EXERCISE REQUIREMENTS:
Reproduce, word for word, all of the records; the pictures stay out.
··· SOURCE MATERIAL ···
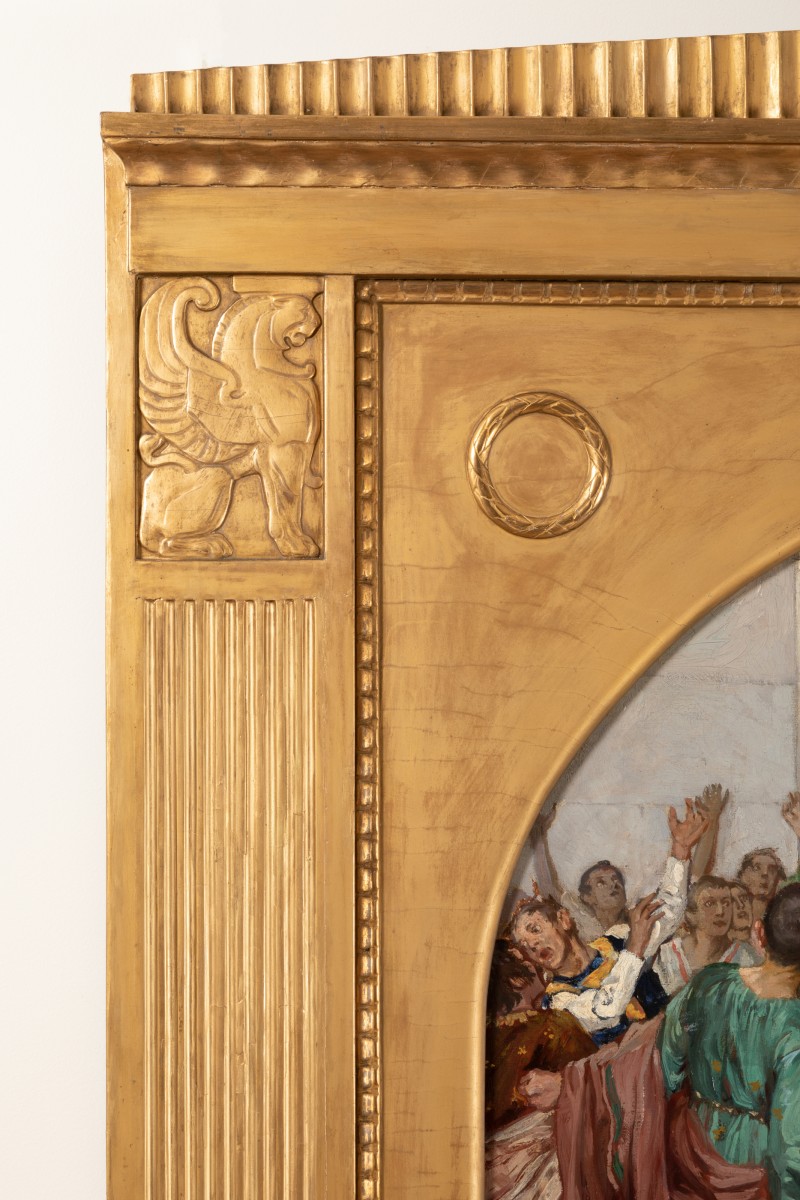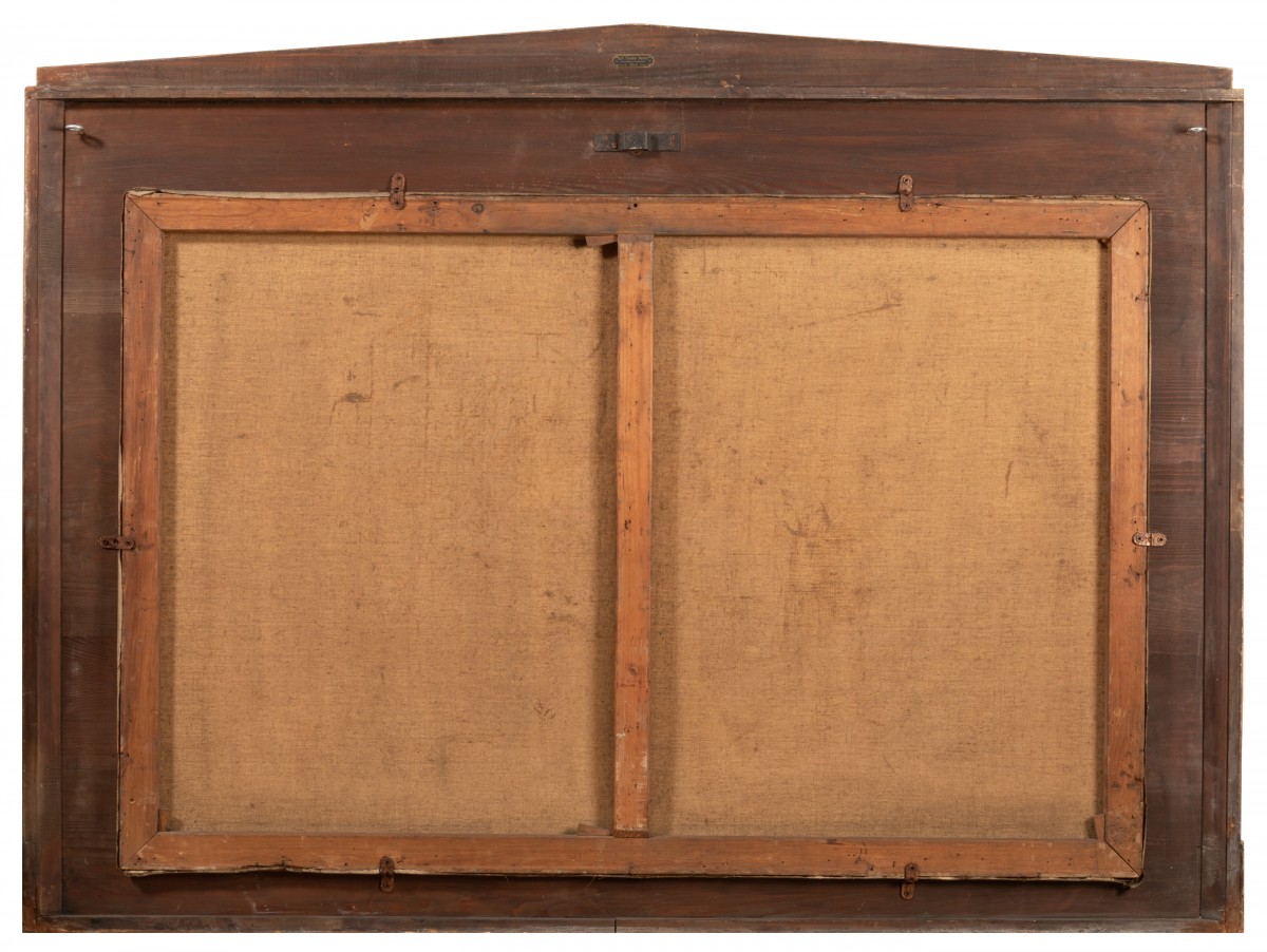 Original canvas. Very beautiful frame in the shape of a temple with fluted columns supporting winged lions.
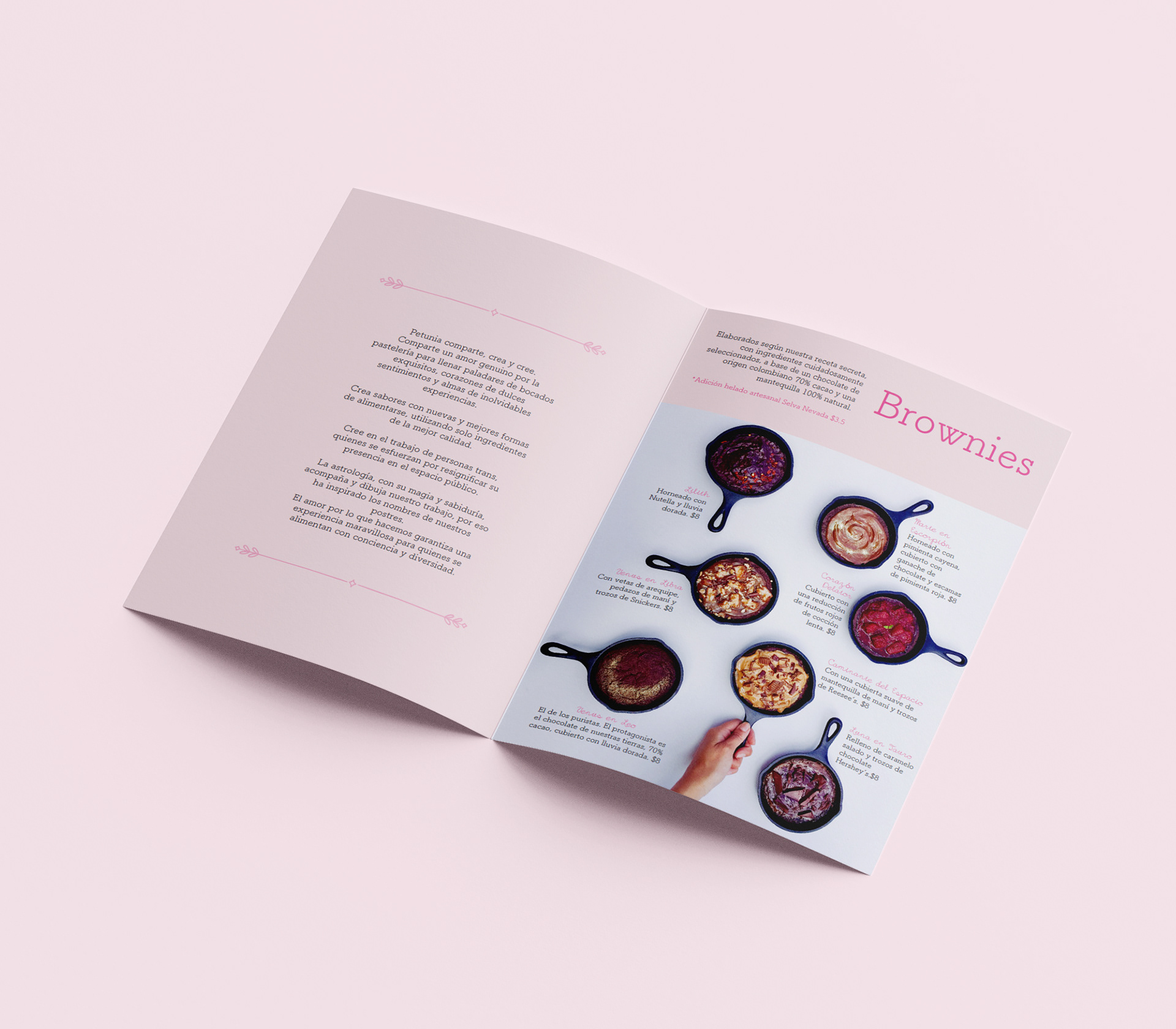 Petunia is a bakery that aims to be close to its clients and, at the same time, communicate its commitment to providing job opportunities to the transgender community. The result of this project is a menu that clients use not only to order products, but also to learn from the "soul-made" bakery they are visiting.
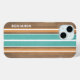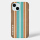 A colourful, retro stripe design in blue and orange on a faux wood print background. A vintage surfboard stripe design with a beach and surf look. Add your name or monogram to make this a personal phone case that will stand out amongst your friends. The name is a thin serif font.
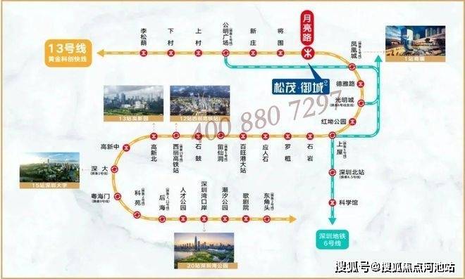 直线距离约400m到达地铁13号线月亮路站(建设中),1站凤凰城,9站到南山(约30分钟到达南山)。2025年将推动13号线二期(北延)建成通车(信息来源:宝安日报)。
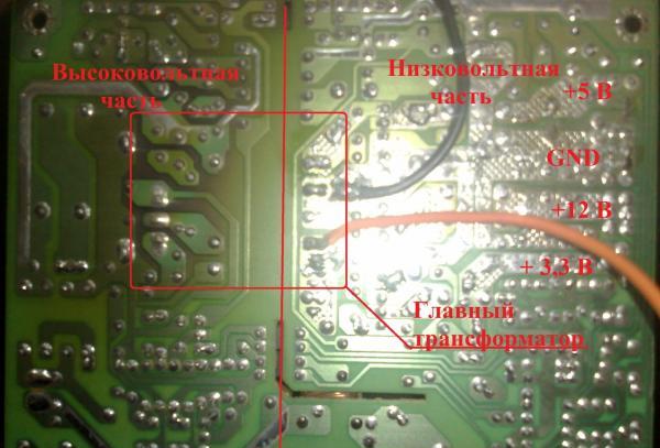 Вначале занимаются блоком питания. Выпаивают из него провода, оставляя на месте те, которыми выполняется подключение к сети питания 220 В, и в зеленой изоляции. Последний проводник сразу же припаивают к «минусу» – к месту, где ранее был прикреплен черный провод. Зеленый провод, при замыкании на корпус, отвечает за запуск блока – то же происходит, когда нажимают кнопку, включающую в работу системный блок.
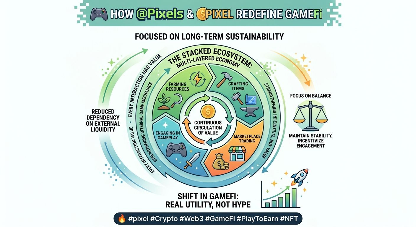 What makes @Pixels unique is its focus on balance. Instead of over-inflating rewards, the system is designed to maintain stability while still incentivizing engagement. The Stacked ecosystem plays a crucial role in ensuring that $PIXEL ins functional across different layers of gameplay.
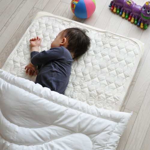 - 寝汗をたくさんかき、時にはおねしょもする赤ちゃん。 シーツだけではどうしても敷き布団が汚れてしまう。。 そんな時にキルトパッド&防水シーツがあれば安心です。なかなか洗えない敷き布団を汚れから守り、清潔に保ってくれます。
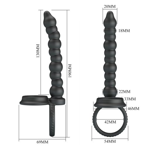 Fedezd fel a kettős kényeztetés új dimenzióját a Pretty Love Dillion péniszgyűrűvel! A selymesen sima, fekete szilikon gyűrű a pénisz tövére és a herezacskó alá simulva stabil tartást biztosít, míg a hozzá rögzített, 10 golyóból álló, 11–15 cm hosszú anális lánc mélyről érkező, hullámzó stimulációval fokozza az élményt. A 4–4,4 cm-es rugalmas átmérőnek köszönhetően szinte bármilyen mérethez igazodik, a teljesen vízálló kialakítás pedig a zuhany alatti játékot is gond nélkül lehetővé teszi.
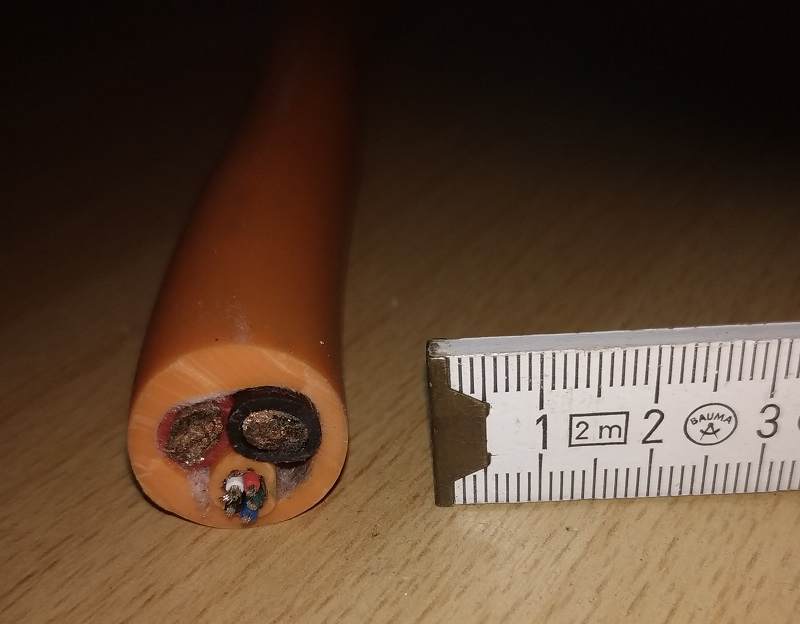Die Gesamtlänge des Kabels sind 32cm, gemessen von Steckeraußenkante bis zum glatt abgeschnittenen Kabelende (!!) und damit m.E. deutlich kürzer, als das derzeit verbaute. Der Stecker ist kein Original mit dem Supersoco-Logo, aber in ordentlicher Qualität und auf das Kabelende aufgegossen. Der Kabelquerschnitt ist OK, ich glaube so 10mm² feindrähtige Litze. Aber das Kabel scheint kein Kupfer zu sein. Es ist zu leicht und die Schnittfläche glänzt silbern. Ich denke, das ist so eine Art ALCU-Kabel. Kann mich aber auch irren und es ist Kupfer.
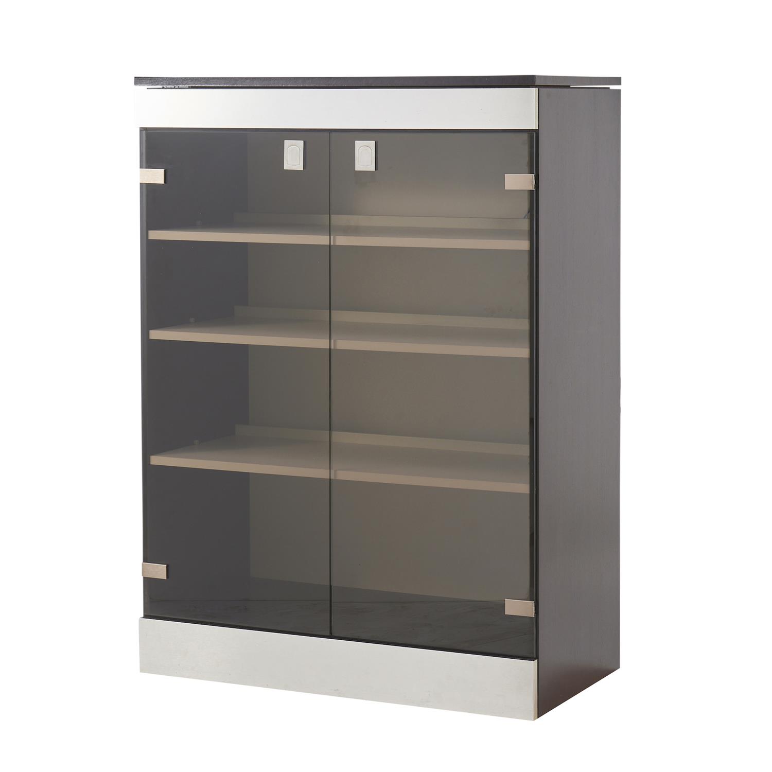 Brushed aluminium, smoke glass and dark stained timber veneer. Two doors and adjustable internal shelves.
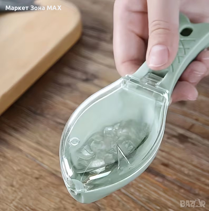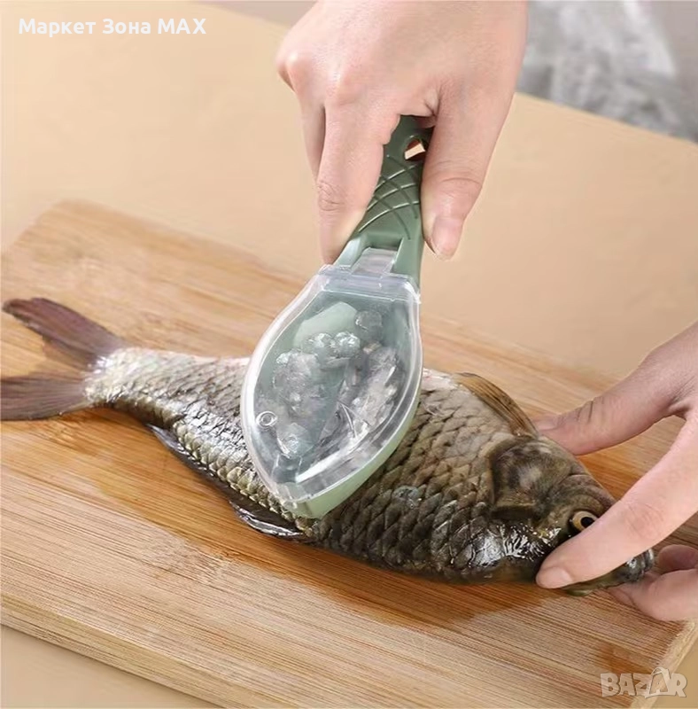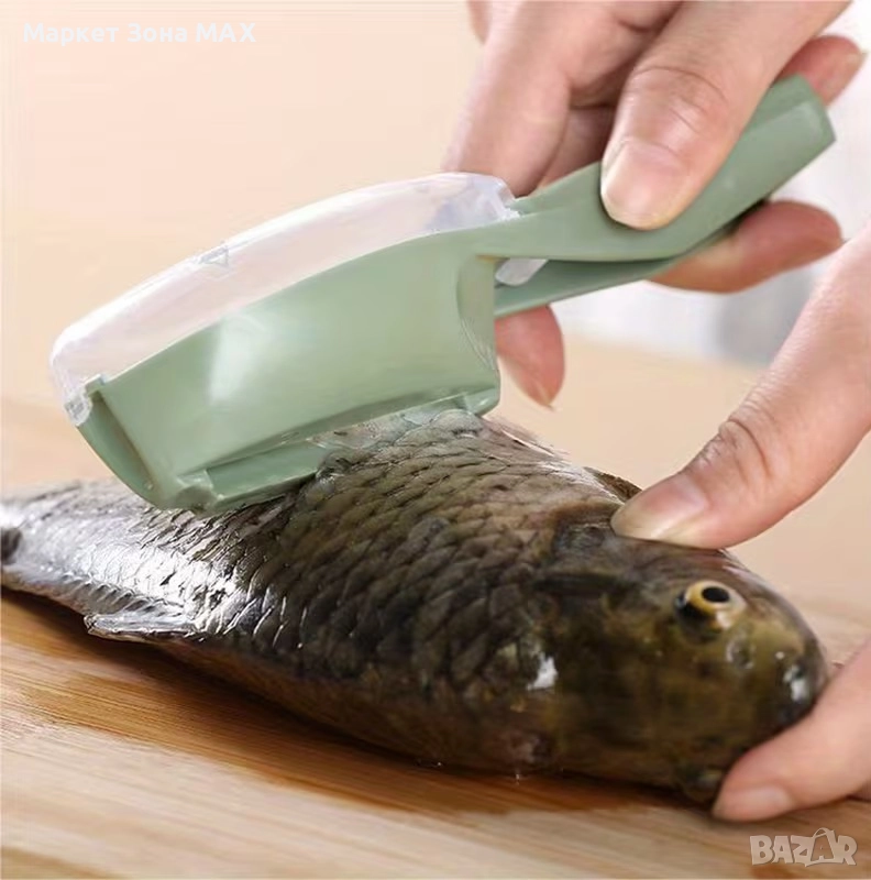 Пластмасов обелвач за рибени люспи с метални ножчета – лесен и безопасен инструмент за почистване на риба.
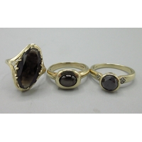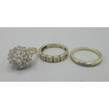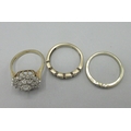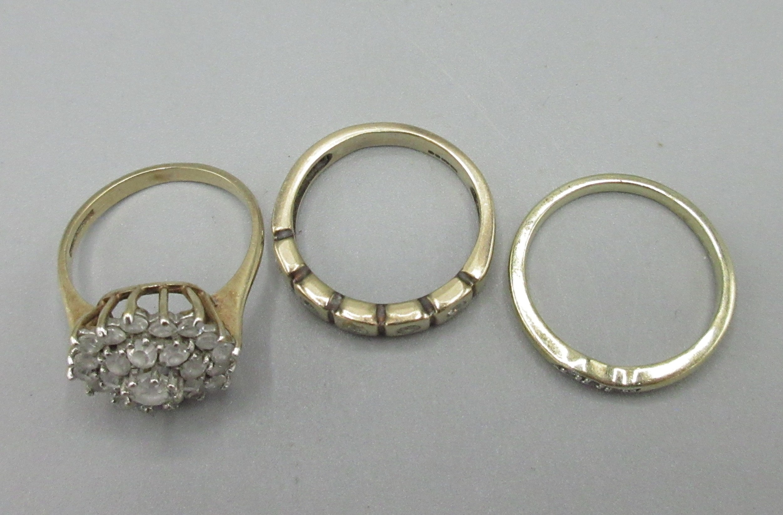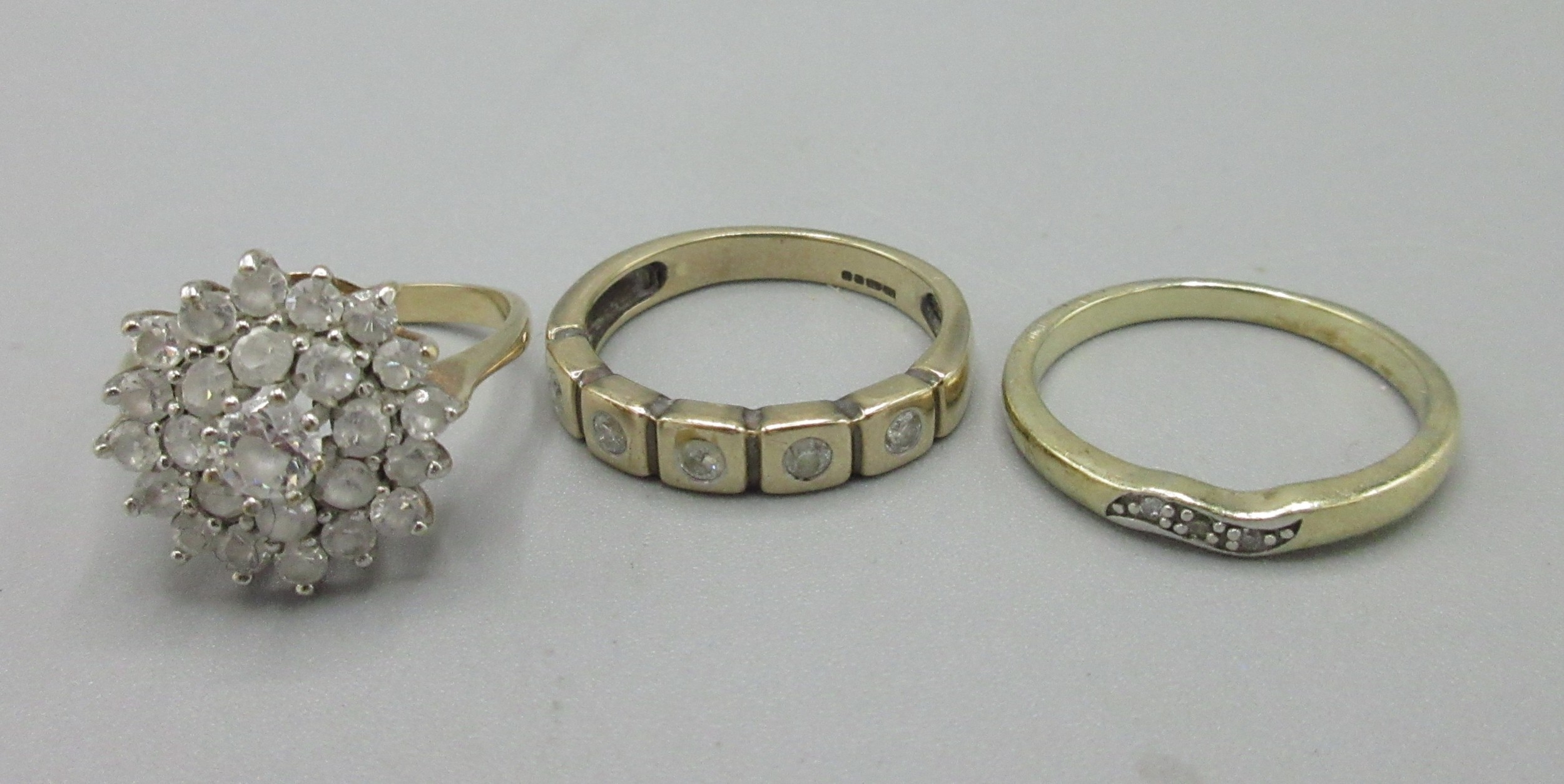 9ct yellow gold half eternity ring set with diamonds, stamped 375, size N1/2, 9ct yellow gold cluster cocktail ring set with clear stones, stamped 375, size M, gilt silver ring set with diamond chips, stamped 925, size N1/2, gold weight 5.9g
···
YOUR SOLUTION:
 Original canvas. Very beautiful frame in the shape of a temple with fluted columns supporting winged lions.
 Petunia is a bakery that aims to be close to its clients and, at the same time, communicate its commitment to providing job opportunities to the transgender community. The result of this project is a menu that clients use not only to order products, but also to learn from the "soul-made" bakery they are visiting.
 A colourful, retro stripe design in blue and orange on a faux wood print background. A vintage surfboard stripe design with a beach and surf look. Add your name or monogram to make this a personal phone case that will stand out amongst your friends. The name is a thin serif font.
 直线距离约400m到达地铁13号线月亮路站(建设中),1站凤凰城,9站到南山(约30分钟到达南山)。2025年将推动13号线二期(北延)建成通车(信息来源:宝安日报)。
 Вначале занимаются блоком питания. Выпаивают из него провода, оставляя на месте те, которыми выполняется подключение к сети питания 220 В, и в зеленой изоляции. Последний проводник сразу же припаивают к «минусу» – к месту, где ранее был прикреплен черный провод. Зеленый провод, при замыкании на корпус, отвечает за запуск блока – то же происходит, когда нажимают кнопку, включающую в работу системный блок.
 What makes @Pixels unique is its focus on balance. Instead of over-inflating rewards, the system is designed to maintain stability while still incentivizing engagement. The Stacked ecosystem plays a crucial role in ensuring that $PIXEL ins functional across different layers of gameplay.
 - 寝汗をたくさんかき、時にはおねしょもする赤ちゃん。 シーツだけではどうしても敷き布団が汚れてしまう。。 そんな時にキルトパッド&防水シーツがあれば安心です。なかなか洗えない敷き布団を汚れから守り、清潔に保ってくれます。
 Fedezd fel a kettős kényeztetés új dimenzióját a Pretty Love Dillion péniszgyűrűvel! A selymesen sima, fekete szilikon gyűrű a pénisz tövére és a herezacskó alá simulva stabil tartást biztosít, míg a hozzá rögzített, 10 golyóból álló, 11–15 cm hosszú anális lánc mélyről érkező, hullámzó stimulációval fokozza az élményt. A 4–4,4 cm-es rugalmas átmérőnek köszönhetően szinte bármilyen mérethez igazodik, a teljesen vízálló kialakítás pedig a zuhany alatti játékot is gond nélkül lehetővé teszi.
Die Gesamtlänge des Kabels sind 32cm, gemessen von Steckeraußenkante bis zum glatt abgeschnittenen Kabelende (!!) und damit m.E. deutlich kürzer, als das derzeit verbaute. Der Stecker ist kein Original mit dem Supersoco-Logo, aber in ordentlicher Qualität und auf das Kabelende aufgegossen. Der Kabelquerschnitt ist OK, ich glaube so 10mm² feindrähtige Litze. Aber das Kabel scheint kein Kupfer zu sein. Es ist zu leicht und die Schnittfläche glänzt silbern. Ich denke, das ist so eine Art ALCU-Kabel. Kann mich aber auch irren und es ist Kupfer.
 Brushed aluminium, smoke glass and dark stained timber veneer. Two doors and adjustable internal shelves.
 Пластмасов обелвач за рибени люспи с метални ножчета – лесен и безопасен инструмент за почистване на риба.
 9ct yellow gold half eternity ring set with diamonds, stamped 375, size N1/2, 9ct yellow gold cluster cocktail ring set with clear stones, stamped 375, size M, gilt silver ring set with diamond chips, stamped 925, size N1/2, gold weight 5.9g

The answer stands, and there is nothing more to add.